From March 9 to 11, 1820, between ten to fifteen thousand Filipinos went on a murderous rampage throughout Manila, killing around 125 foreigners before the mob dissipated. This was not one of those incipient native revolts against the Spanish colonizers. In fact, it was the Spaniards themselves who had incited the Filipinos to riot.
Those facts I gathered from this book I recently bought for bathroom reading, The Pessimist's Guide to History. Don't go buy it -- it is an atrociously written book, featuring such vapidities as "[a]nother attempt by Mother Nature to wipe out the population of China".
Still, the Manila Massacre surprised me as I had never heard of it before. Agoncillo does not record such an event, and the intimidating online archives of The London Times (from 1785!). Googling soon led me to this post by wesley at the past is the key to the future, and a July 2005 article by Ambeth Ocampo over at PDI. It appears that the massacre occurred during a cholera epidemic, and at a time when French scientists were collecting water samples from the Pasig River. The rumor spread that the French were actually poisoning the water supply and even when the French started ministering to the sick, the word came out (probably from the Spaniards) that they were actually trying to wipe out all the Tagalogs. This of course led up to your kill-the-beast moment, replete with "pikes, knives and bludgeons".
Mr. Ocampo speculates that the massacre might have been a ploy to keep foreign businesses out of the Philippines, or it may have been designed to target specific people. Whatever the reason, what ensued was the systematic hacking to death of foreigners -- Caucasians and Chinese, though no Spaniards were apparently killed. There are some discrepancies between the PDI story and that from Pessimist's Guide. Mr.

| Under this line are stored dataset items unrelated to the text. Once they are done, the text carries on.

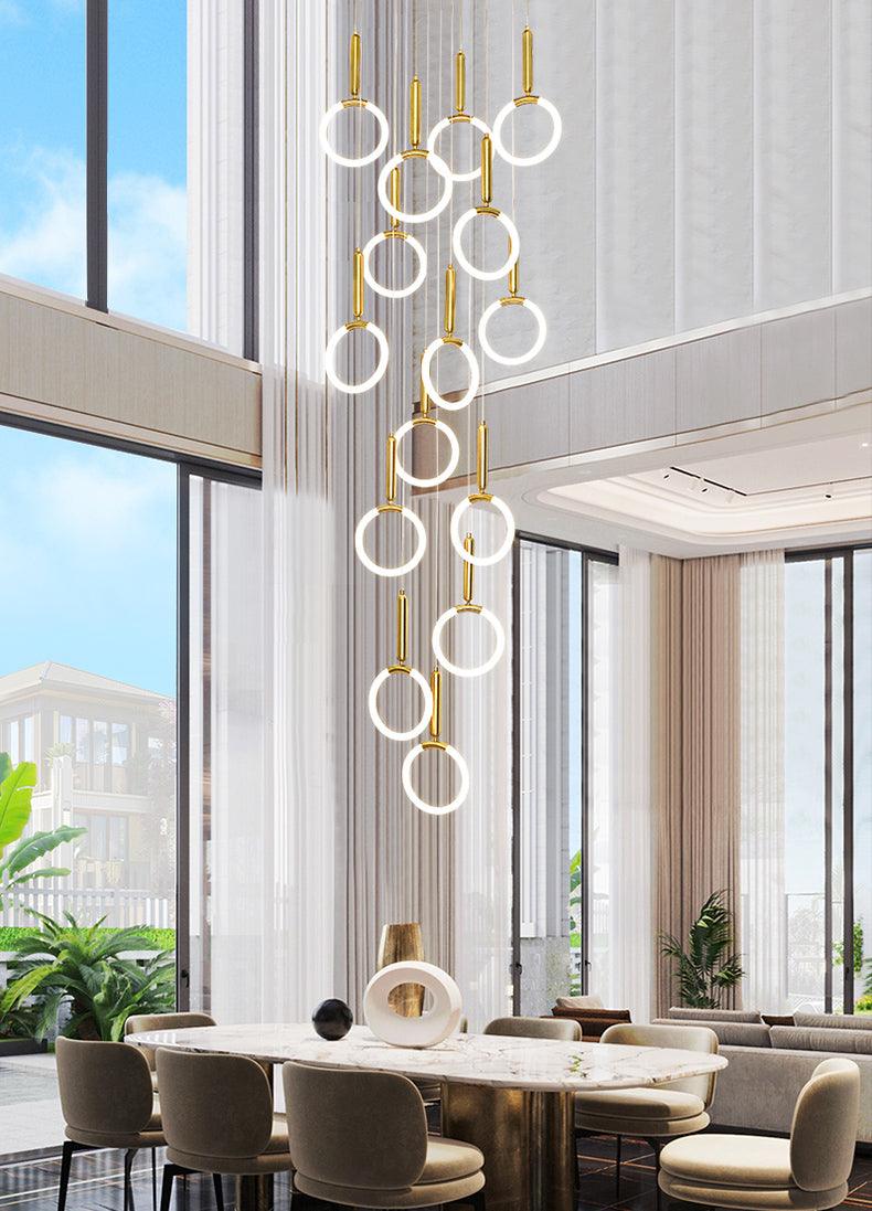 یکی از ویژگی‌های مهم این محصول، قابلیت انتخاب تعداد حلقه‌ها و تغییر اندازه کفی است که امکان اجرای طرح‌های متفاوت و کاملاً شخصی‌سازی‌شده را فراهم می‌کند. همچنین ارتفاع لوستر از ۱ متر تا ۳۰ متر قابل تنظیم است، بنابراین برای سقف‌های کوتاه و بلند کاملاً مناسب و انعطاف‌پذیر می‌باشد.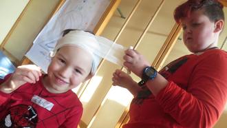 Unter diesem Motto verbrachten die Vorschulkinder des Kindergarten Kothen vier interessante Vormittage zusammen mit Isabelle Bott und ihrer Handpuppe, dem „Ritter Malte“, von den Maltesern in Fulda. Im Kurs „Abenteuer Helfen“ wurden die Kinder spielerisch an ein doch ernstes und wichtiges Thema, der Ersten Hilfe, herangeführt. Wie kann ich jemanden trösten, der sich verletzt hat? Wie lege ich einen einfachen Verband an? Was ist eine Rettungskette und wie setze ich einen Notruf ab? Dies alles wurde besprochen und geübt, um im Notfall richtig reagieren zu können. So bastelten die Kinder eine Rettungskette aus Papierringen und durften sich selbst Verbände anlegen, welche später stolz in der Gruppe präsentiert wurden. „Ritter Malte“ brachte sogar ein eigenes Lied mit, welches mit Freude gemeinsam gesungen wurde. Am letzten Tag bekamen die kleinen Ersthelfer feierlich eine Urkunde für die erfolgreiche Teilnahme überreicht.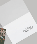 5.5" x 4" folded greeting cards printed on matte paper. Includes an envelope and wrapped in cellophane.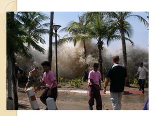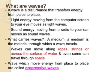 Waves are disturbances that transfer energy through a medium from one point to another. They can be transverse waves, where the disturbance is perpendicular to the direction of travel, or longitudinal waves, where the disturbance is parallel. Waves have properties like wavelength, amplitude, frequency, and speed. The speed of a wave depends on its frequency and wavelength and can be calculated using the formula that the speed equals the frequency multiplied by the wavelength. Waves undergo behaviors like reflection, refraction, and diffraction as they interact with barriers and changes in their medium.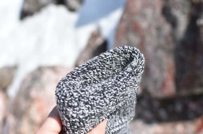生地が極厚でしかも密度も高いからか、抜群の吸湿性を感じさせる製品です。他製品では指と指の間がヌメつくような感覚がありましたが、この製品ではそれがごくわずかでした。保温力もかなり高いため、極寒地でも安心して使用できる靴下といえます。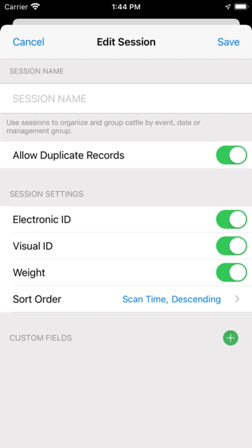SESSIONS MODE - SCAN CATTLE AS THEY ARE WORKED IN THE CHUTE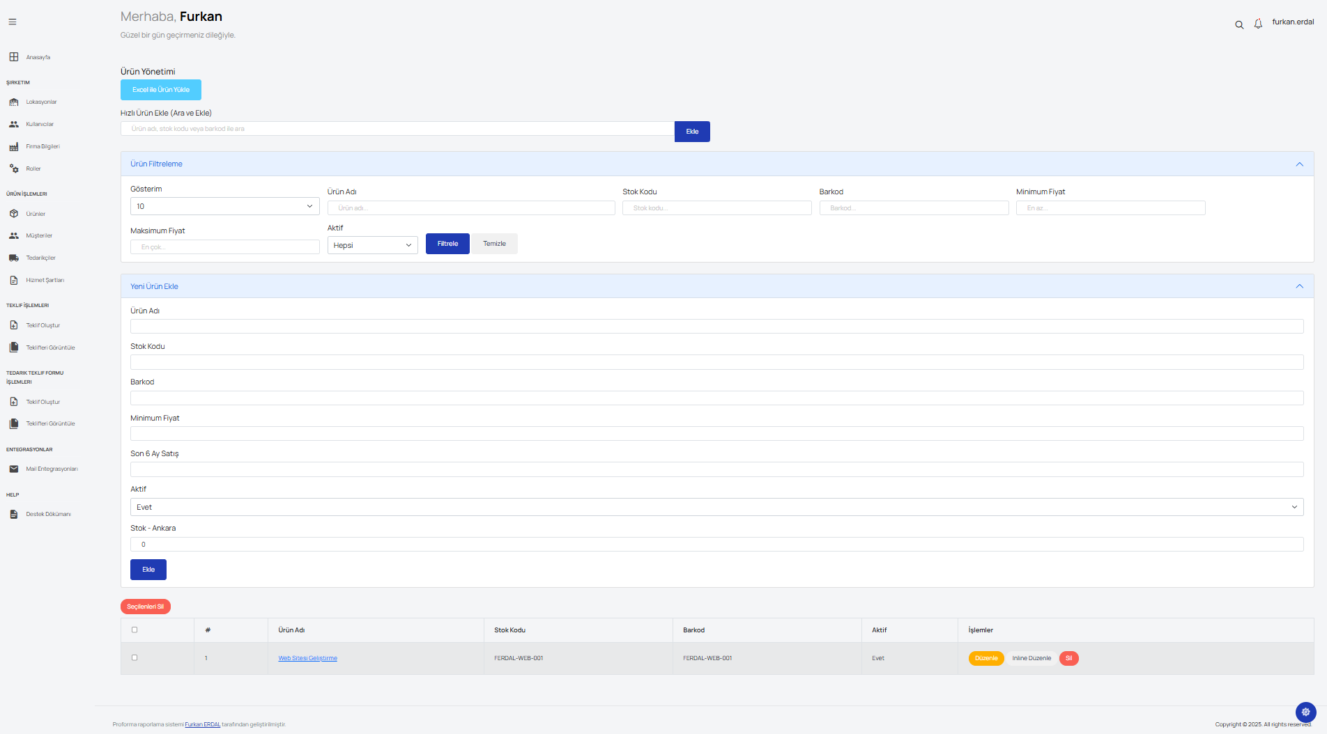 Bu yapı, ileride fatura ve sipariş modüllerine dönüşebilecek esnekliği sağlar.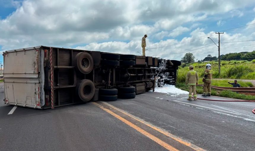 Um caminhão carregado com móveis tombou na PR-444, na altura do quilômetro 3, em Arapongas, após o motorista perder o controle da direção e sair da pista. O acidente foi registrado na manhã do dia 16 e mobilizou equipes do Corpo de Bombeiros devido a um vazamento de combustível no local.

Ocampo gives the death toll at 39, the number of participants at 3,000, and the date of the massacre as October 9, 1820, which vastly differs from the figures cited above from Pessimist's Guide. Go with Ambeth on this one.
I have a passing interest in urban epidemics. Manila was only one of many many major cities of the world periodically plagued with epidemics that would wipe out hundreds of thousands every few decades. Authorities were at a loss as to the causes and preventive measures of these outbreaks. Many wrongly assumed that "bad air" caused the disease, leading to remedies that often aggravated the problem (i.e., dumping raw sewage into the River Thames) The epidemics mostly stopped when it was figured out that germs, usually water-borne, caused cholera and other diseases and cities scrambled to improve their sanitation and sewage treatment facilities. Because of that, I often worry about the possibility of outbreaks even in this day over at urban poor communities, where sanitation facilities are not often reliable.